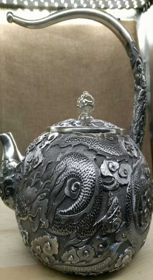 纯手工一体银壶,属于私人定制银壶,银壶嘴和银壶身是一体打的,比起焊接银壶嘴,艺术价值更高。手工打造银壶的技术难度和使用及收藏价值是机器银壶无法比拟的。手工银壶栩栩如生的图案,是银壶师傅一点一滴雕刻出来的,赋予了手工银壶生命力。
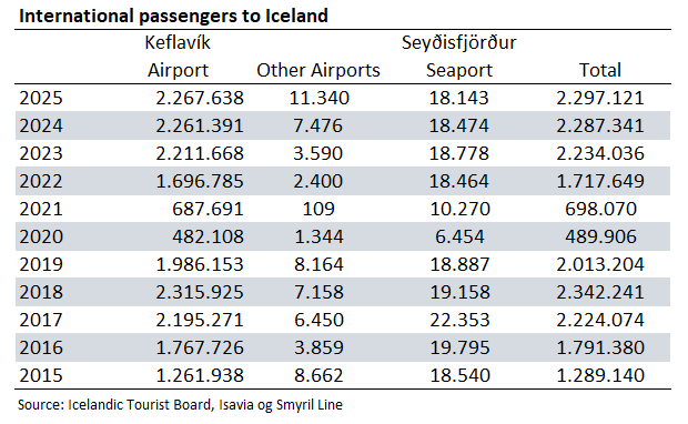 The total number of foreign overnight visitors to Iceland was just under 2.3 million in 2025. This can be seen in the table to the right, 2015-2024.
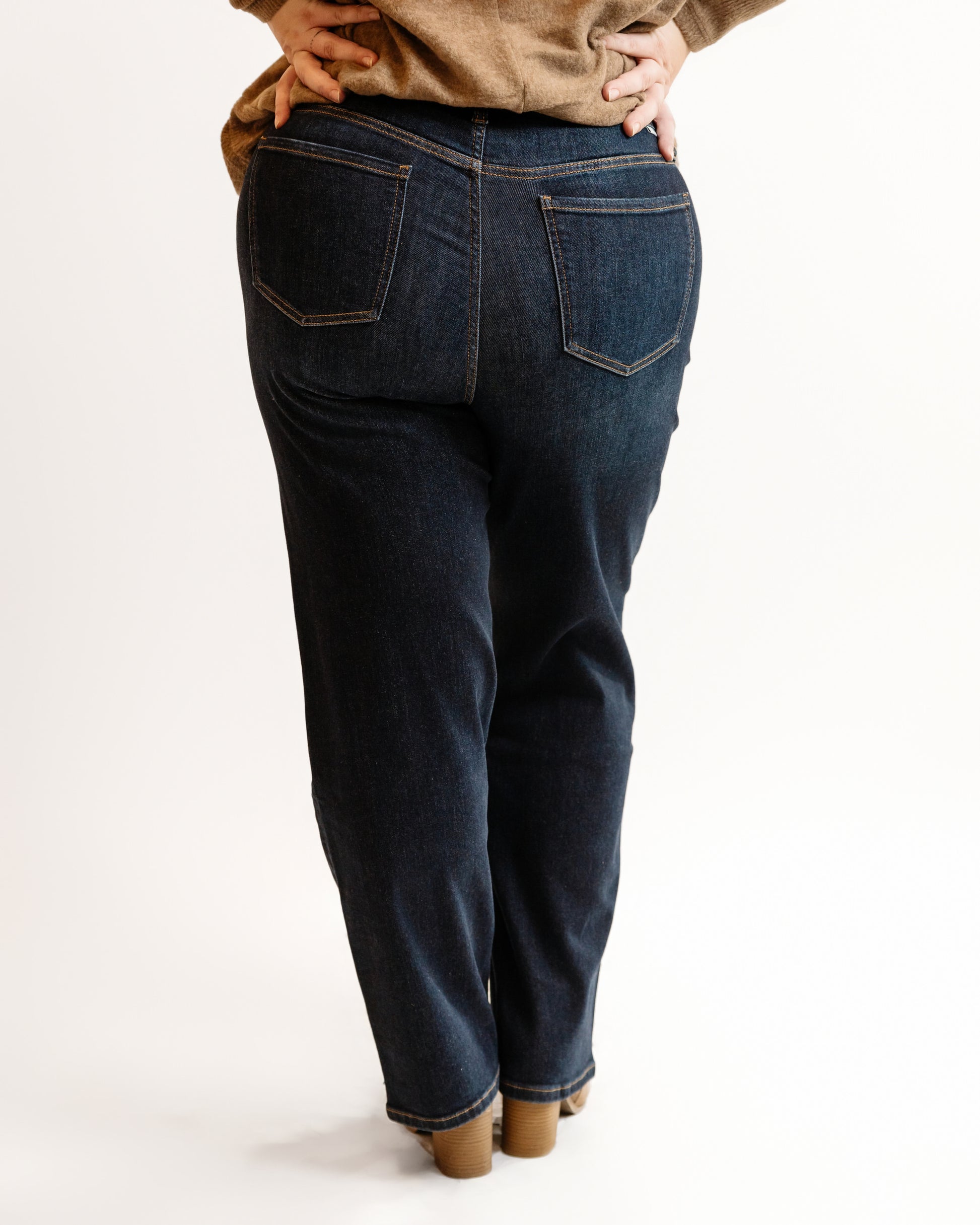 These 32" RFM High Rise Slim Wide Leg jeans combine comfort with modern style for the woman who wants both. The high-rise waist with built-in tummy control panels enhances your shape, while the subtle wide-leg silhouette adds a bold, fashionable touch. Featuring a 1-button closure and durable zipper, they guarantee a secure, all-day comfortable fit. The classic 5-pocket design offers practicality and versatility, perfect for effortlessly dressing up or down. Elevate your wardrobe with jeans that flatter and perform throughout your busy day.
• • • •
» What to produce
Please give the data again in full, exactly as written, but without any images.

» The completed task
 纯手工一体银壶,属于私人定制银壶,银壶嘴和银壶身是一体打的,比起焊接银壶嘴,艺术价值更高。手工打造银壶的技术难度和使用及收藏价值是机器银壶无法比拟的。手工银壶栩栩如生的图案,是银壶师傅一点一滴雕刻出来的,赋予了手工银壶生命力。
 The total number of foreign overnight visitors to Iceland was just under 2.3 million in 2025. This can be seen in the table to the right, 2015-2024.
 These 32" RFM High Rise Slim Wide Leg jeans combine comfort with modern style for the woman who wants both. The high-rise waist with built-in tummy control panels enhances your shape, while the subtle wide-leg silhouette adds a bold, fashionable touch. Featuring a 1-button closure and durable zipper, they guarantee a secure, all-day comfortable fit. The classic 5-pocket design offers practicality and versatility, perfect for effortlessly dressing up or down. Elevate your wardrobe with jeans that flatter and perform throughout your busy day.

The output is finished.